Copy the records below line by line and word for word, from the very first line through the line with "Durchgangsklemme, Nennspannung: 500", omitting each picture.

◆ ◆ ◆

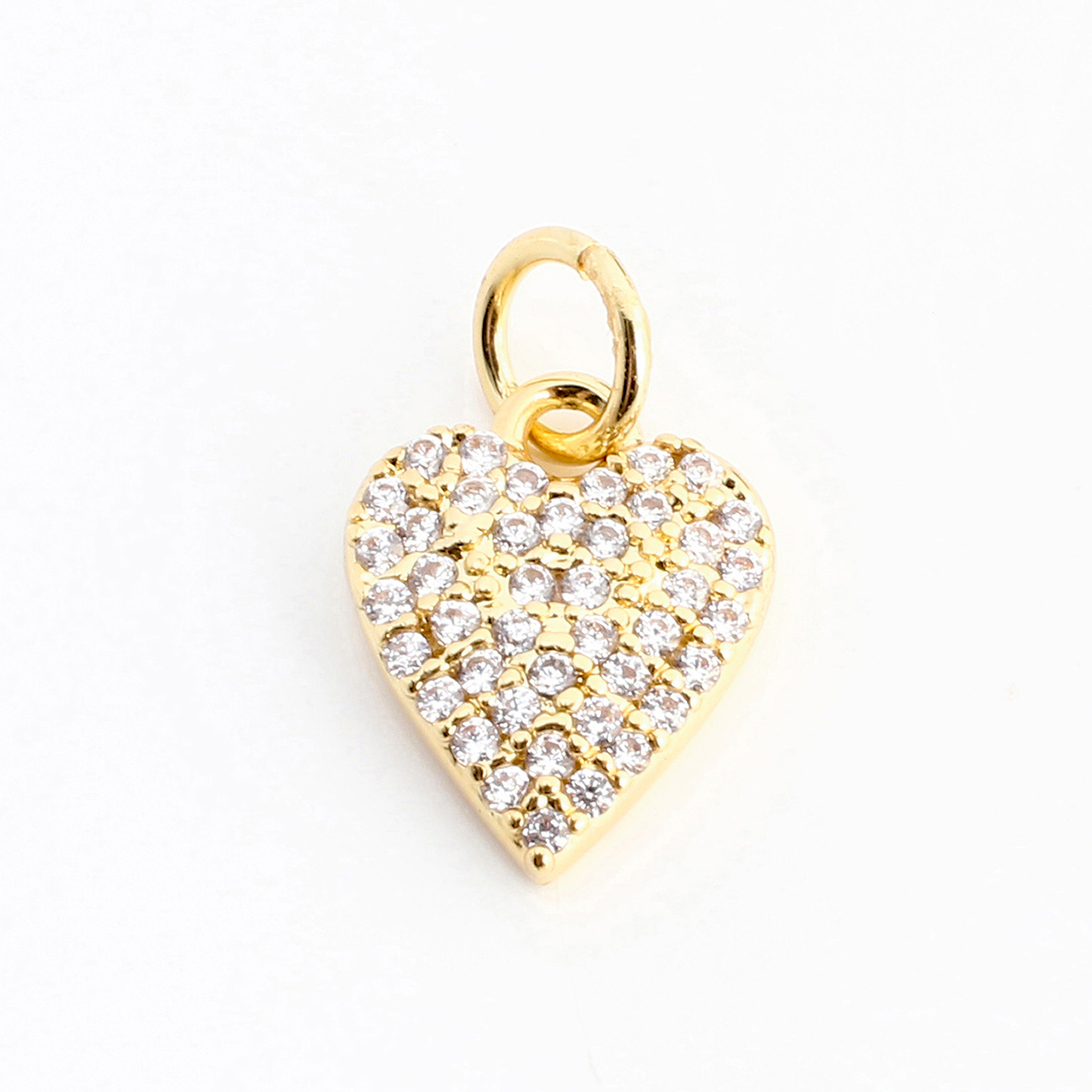 Cubic Zirconia Micro Pave Brass Pendant, Heart, DIY & micro pave cubic zirconia, golden, 11x9x2mm, Sold By PC
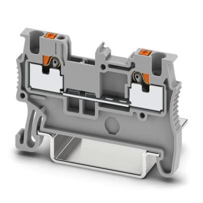 Durchgangsklemme, Nennspannung: 500 V, Nennstrom: 17,5 A, Anzahl der Anschlüsse: 2, Anschlussart: Push-in-Anschluss, Bemessungsquerschnitt: 1,5 mm², 1. Etage, Querschnitt: 0,14 mm² - 1,5 mm², Montageart: NS 35/7,5, NS 35/15, Farbe: grau
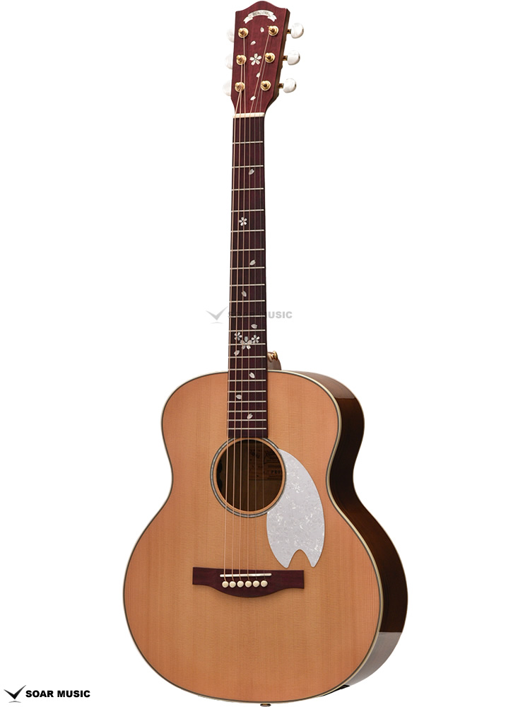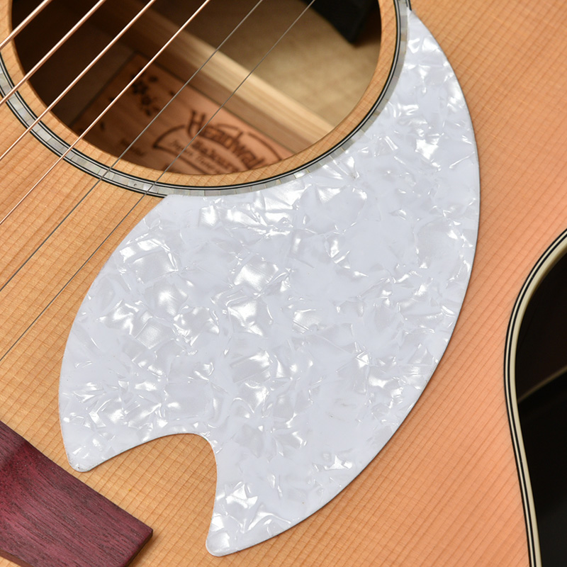ピックガードは桜ギター定番の花びらを型どった印象的なシェイプを採用しており、明るいイメージを与えるホワイトパールを素材にセレクトしております。
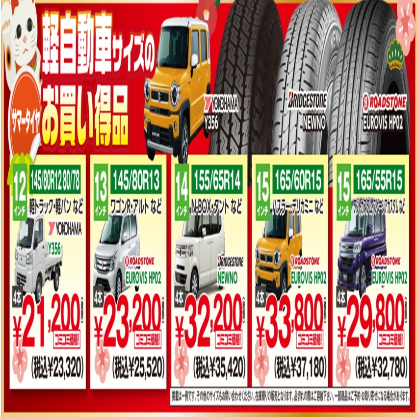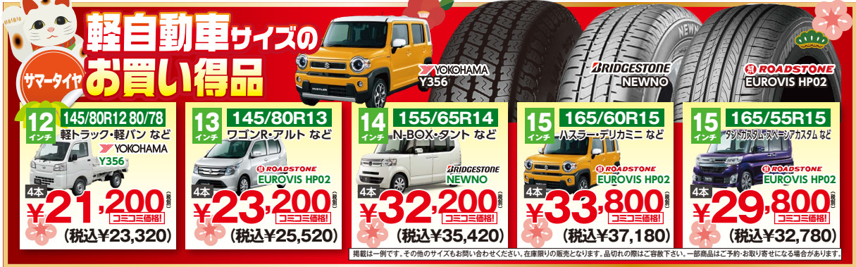 夏タイヤ 特に軽自動車用がお買い得
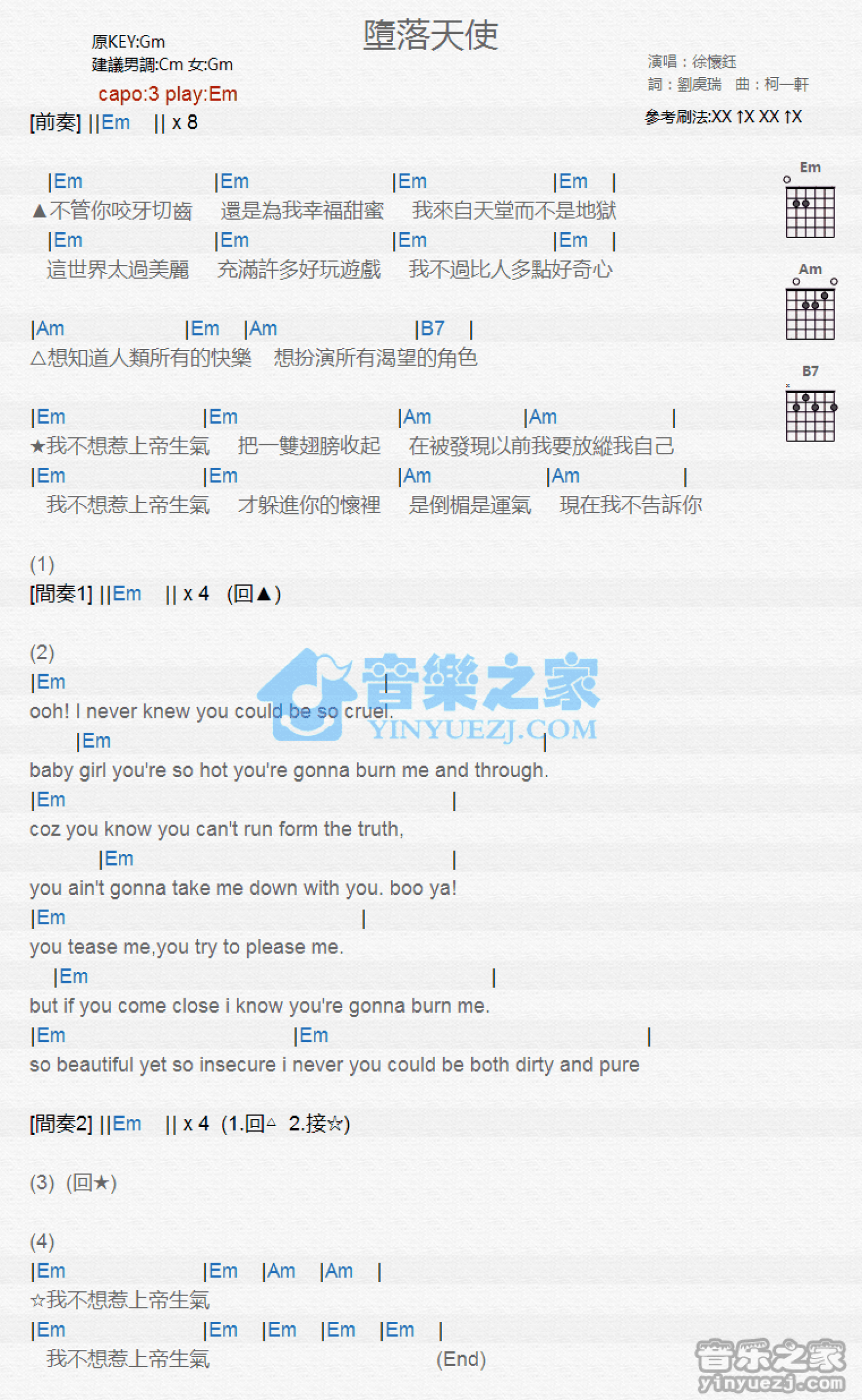 曲谱介绍: Em调版徐怀钰《堕落天使》吉他和弦弹唱谱

◆ ◆ ◆

SOLUTION:
 Cubic Zirconia Micro Pave Brass Pendant, Heart, DIY & micro pave cubic zirconia, golden, 11x9x2mm, Sold By PC
 Durchgangsklemme, Nennspannung: 500 V, Nennstrom: 17,5 A, Anzahl der Anschlüsse: 2, Anschlussart: Push-in-Anschluss, Bemessungsquerschnitt: 1,5 mm², 1. Etage, Querschnitt: 0,14 mm² - 1,5 mm², Montageart: NS 35/7,5, NS 35/15, Farbe: grau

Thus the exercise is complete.